1. Practical Reasoning and Universality
Since the beginning of philosophy, philosophers have tried to look for the universal principles from which criteria for telling the right from wrong can be derived. Such kind of philosophical endeavor implies a conviction that certain so-called “moral” rules actually held by the people of any particular tradition at any point of history could be invalid. That is, it’s possible that the majority of the people of any time and any place could hold invalid moral beliefs. There could be cases that what are held to be “right” are wrong, and what are held to be “wrong” are right. But how can we know what is right and what is wrong if not consulting the majority for their opinion?
Philosophers believe that human rationality is a possible ground for a final verdict in matters of moral decision. Given a collection of alleged moral rules, we are capable of separating the valid ones from the invalid by using our reason in a methodic way. Such a way of using reason for the sake of deciding the right kinds of action or right action in a particular situation is called “practical reasoning,” and the discussion of issues pertaining to practical reasoning is usually called “moral philosophy.” As for ethics in the philosophical sense, it’s the actual use of practical reasoning by which to find the first valid moral principle and then the procedure for deriving valid rules of action from the principle. As we know, Kant’s deontological ethics and Mill’s utilitarian ethics are the two most respected examples of practical reasoning in moral philosophy and ethics.
Despite their actual disagreement on the first principle from which all moral rules are derived, philosophical ethicists do assume the common position that human rationality is the only means to reach a universal ethic. This is so because universality is not a matter of incidental consensus as a contingent event, but a matter of self-evident necessity as a logical status.

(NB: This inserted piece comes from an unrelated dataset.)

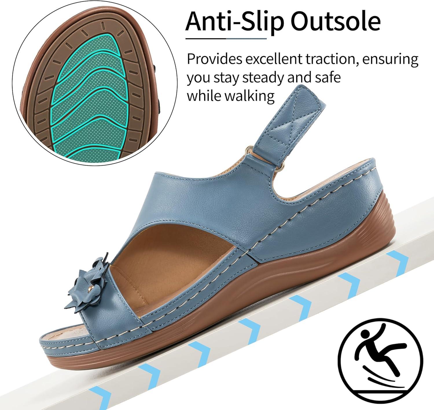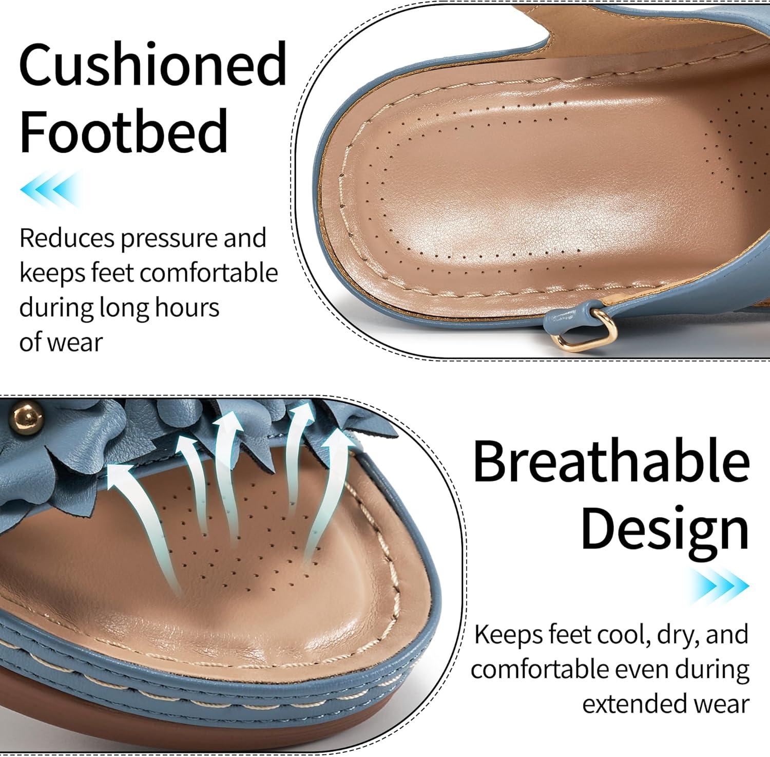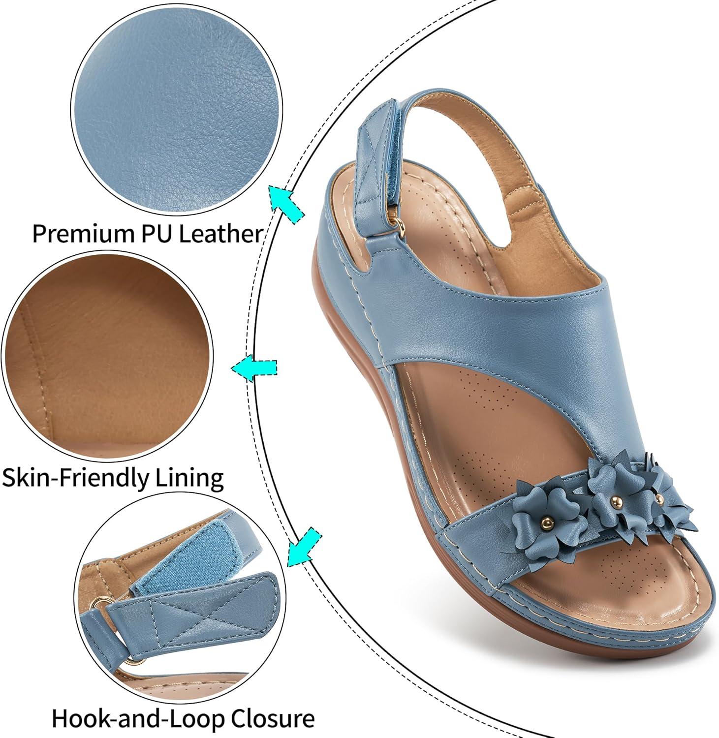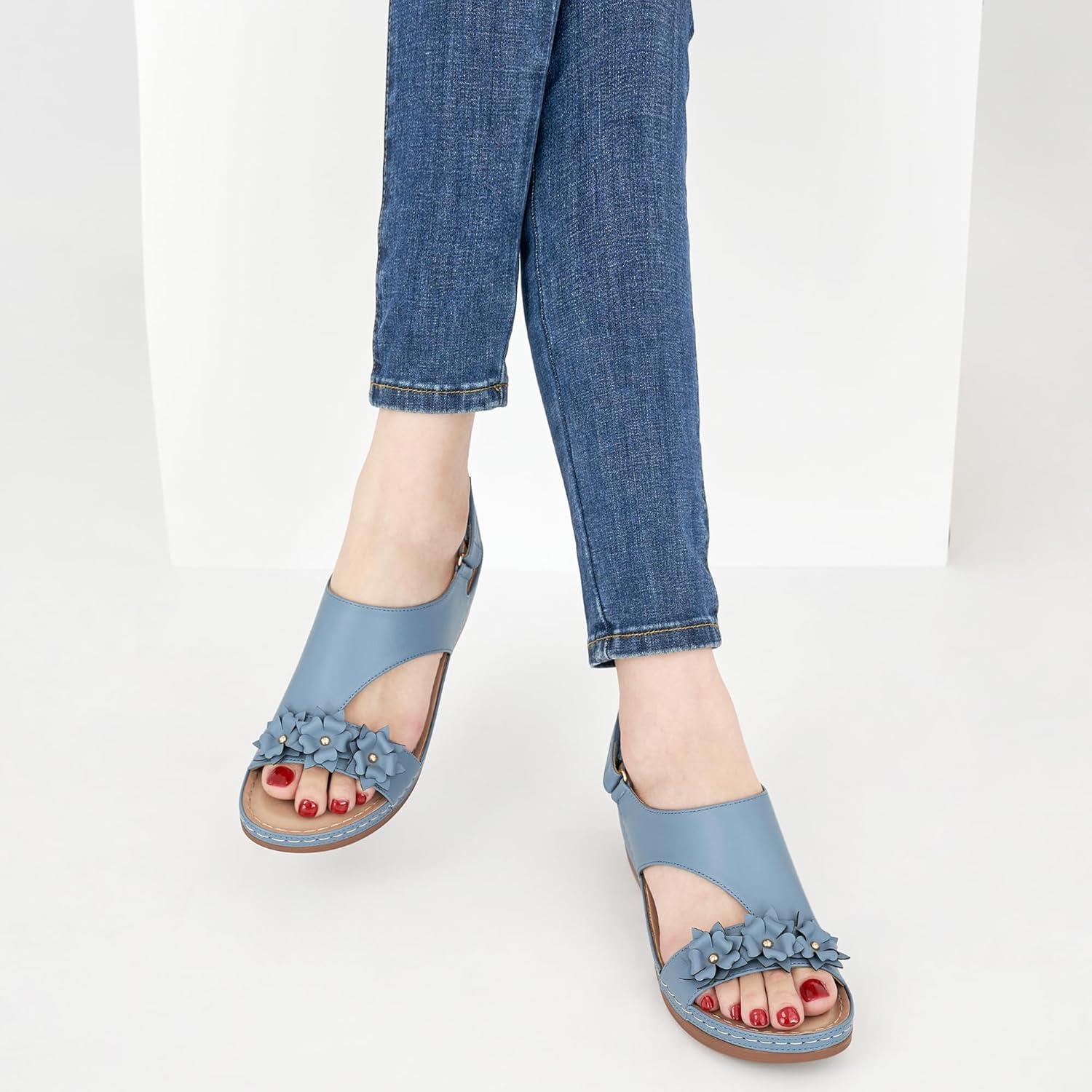 Dressy Wedge Sandals for Women: Comfortable Casual Walking Wedges for Party Vacation Birthday Wedding Indoor for Home House Office(Blue)

Of course, such a philosophical conviction is not just a propensity of philosophers. As has been clearly demonstrated in the works of Habermas, Apel, and myself[1], no matter who makes a moral claim, it’s always meant to be a validity claim. A validity claim is a universal claim, that is, a claim whose validity does not depend on the particularity of the person who makes the claim. Thus anybody making an ethical claim is giving herself the burden of arguing for the claim’s validity by referring to impersonal reasons, that is, the burden of redeeming the claim by communicative rationality, as Habermas calls it. Suppose somebody claims: “Hitler was morally wrong in killing innocent Jews,” and then right away adds: “I just happened to feel that way, though, and everybody has an equal right to feel the opposite.” In such a case, we could legitimately accuse him of misusing the words “morally wrong” because an ethical claim as a validity claim does not allow for an opposite claim to hold. When we claim that X is wrong, we are responsible for demonstrating that it’s illegitimate to claim that X is right, no matter who makes the claim and in what circumstances. If the demonstration has finally succeeded, then the claim is redeemed as part of a universal ethic, which is based on communicative rationality. If communicative argumentation does not lead to a successful demonstration of a validity claim, then the claim is not redeemed, and no universal ethic is established.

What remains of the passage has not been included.